Justices from the Seventh Circuit Court of Appeals, on March 29, heard an appeal from a Wisconsin school district that had been ordered to make accommodations for a transgender boy wishing to use the boys' washroom.
Ash Whitaker, in 2016, sued his Kenosha school after he was prevented from using the boys' washroom. A judge in September ordered an injunction allowing Whitaker to use the washroom he wished. The district appealed the injunction; the appeal was the subject of the March 29 hearing.
Chief Judge Diane Wood and Judges Ilana Rovner and Ann Williams heard the case.
Wood asked attorney Ron Statler, representing the Kenosha Unified School District, what evidence the district had that students would be harmed should Whitaker be allowed in the boys' locker room. Statler said, later in the hearing, that there had been only one public complaint about the matter, from a parent during a school board meeting.
Wood also noted that Whitaker would be subject to harm should he be forced to use the girls' locker room.
"We have to balance the harm," said Williams. "That's why it matters who's complaining."

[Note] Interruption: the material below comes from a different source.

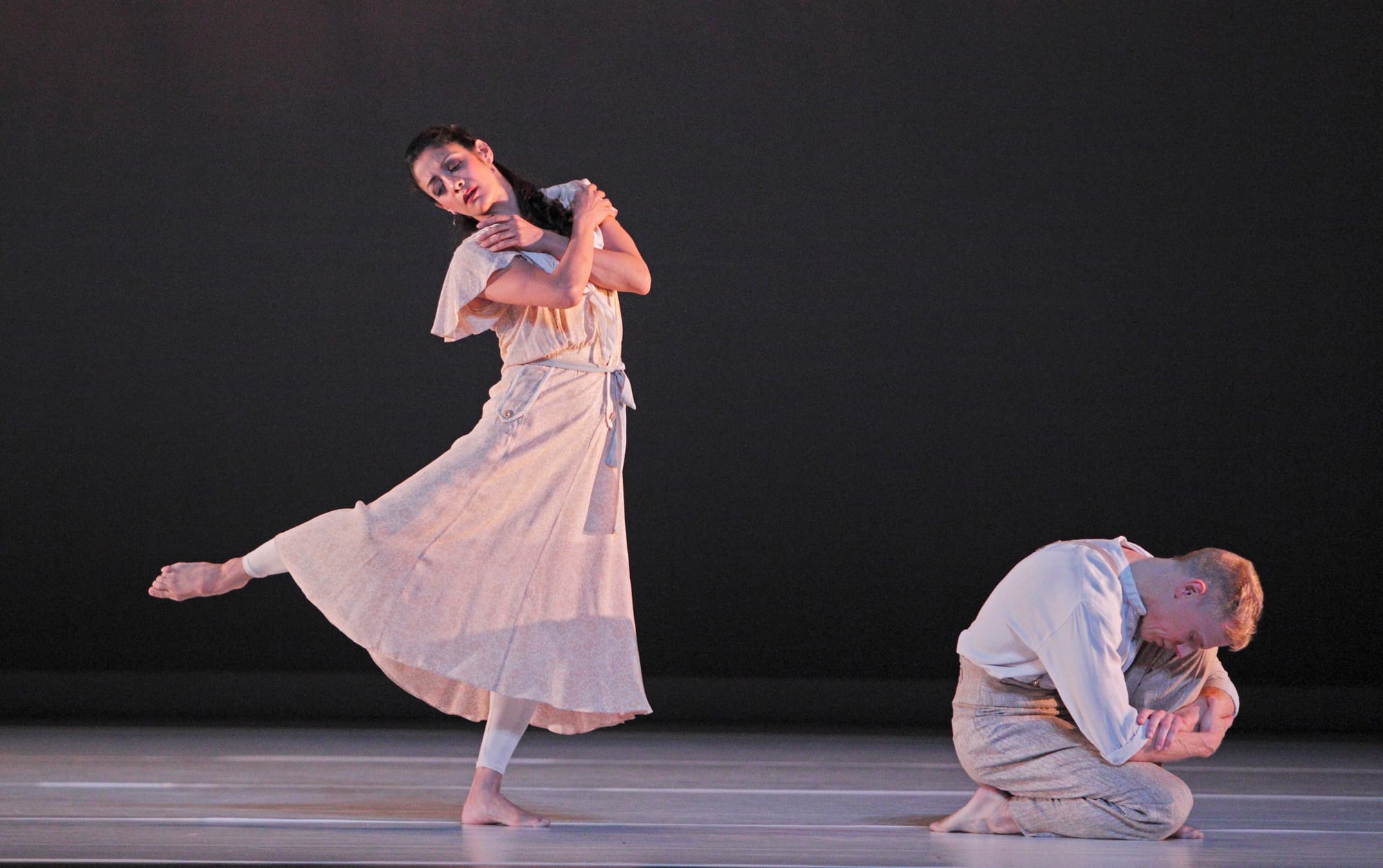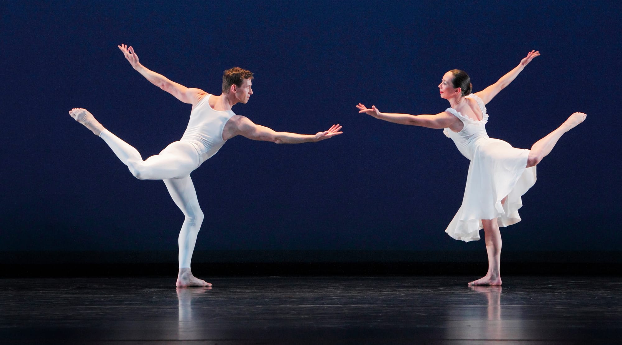 "Eventide", to music by Ralph Vaughan Williams, was on firmer ground. Its backdrop suggesting rural England and the early twentieth century, both by Santo Loquasto, place it in Thomas Hardy country and the dances are nostalgic without sentimentality. The five couples, for all the pink misty atmosphere, are not uniformly happy, as the brief, unsettling dance for Eran Bugge and Robert Kleinendorst showed. His strutting walk and abrupt approach reeked of selfish sensuality, though I missed the casual cruelty that Andrew Asnes, its originator, showed; Kleinendorst seemed a bit as if he were trying to live up to an image, swaggering a bit too broadly. Bugge was haunting as his helpless, hopeless victim and for the first time I realized that in the elegiac finale, as the ghostly dancers drifted slowly around, each couple stepping into the light for a brief reprise, that her arms reached out to emptiness as Kleinendorst slipped through.

Statler said that district policy was based on a simple idea, that the public accommodations should match the gender marker on a student's birth certificate. According to Wisconsin law, that marker can only be changed after there is proof of gender-reassignment surgery.

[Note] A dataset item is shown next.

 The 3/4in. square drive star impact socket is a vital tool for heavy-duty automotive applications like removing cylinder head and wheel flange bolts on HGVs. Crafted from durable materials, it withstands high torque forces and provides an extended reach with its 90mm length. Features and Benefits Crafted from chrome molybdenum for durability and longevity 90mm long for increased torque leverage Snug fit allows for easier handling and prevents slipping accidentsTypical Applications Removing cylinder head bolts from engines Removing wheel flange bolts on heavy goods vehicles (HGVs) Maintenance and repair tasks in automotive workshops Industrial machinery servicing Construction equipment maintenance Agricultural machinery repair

"So if young Whitaker had changed his birth certificate, we wouldn't even be here?" asked Rovner. Statler answered yes.
Whitaker's attorney, Joseph Wardenski, said that the district's policy only came into place as the case was being litigated, and that his client was given a litany of excuses as to why he was being denied access.

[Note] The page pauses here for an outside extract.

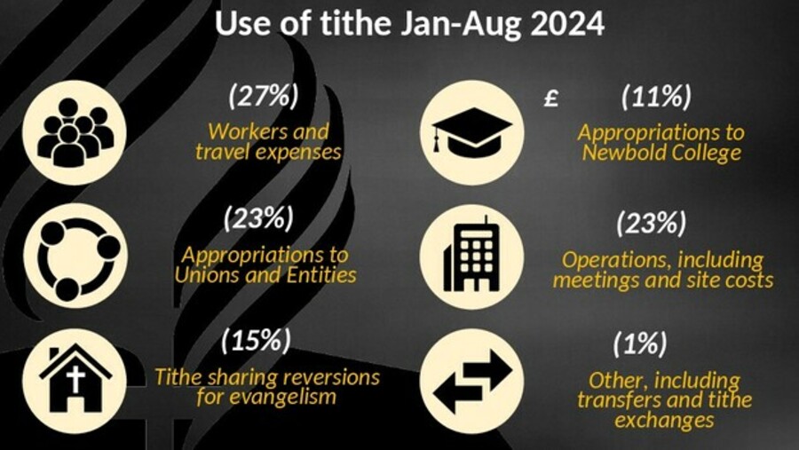 Jepuranović kirjeldas kümnise jaotamist: 27% töötajate toetuseks ja reisikuludeks, 23% eraldisteks unioonidele ja teistele üksustele, 15% evangelismiks mõeldud kümnise tagasimakseteks, 11% Newboldi kolledži eraldisteks, 23% tegevuseks, sealhulgas koosolekuteks ja tegevuskuludeks ning 1% „muudeks“ eesmärkideks, sealhulgas ülekanneteks ja kümnise vahetamiseks.

Wardenski also noted that a birth certificate wasn't completely irrefutable as evidence. Had Whitaker been born in a state where he could have more easily changed his certificate's gender-marker, or initially provided a U.S. passport, which the district accepted as identification, the school would have had to accept his stated gender.
Wardenski also noted that Whitaker was not prompted by specific threats or remarks about using the girls' washroom, but had been subjected to bullying related to other matters.
"He was legitimately afraid, based on his own experience and the experience of other transgender students, that he would be subjected to invasive questions," Wardenski said.
The judges will now deliberate on the appeal. The initial case is still in process in Wisconsin.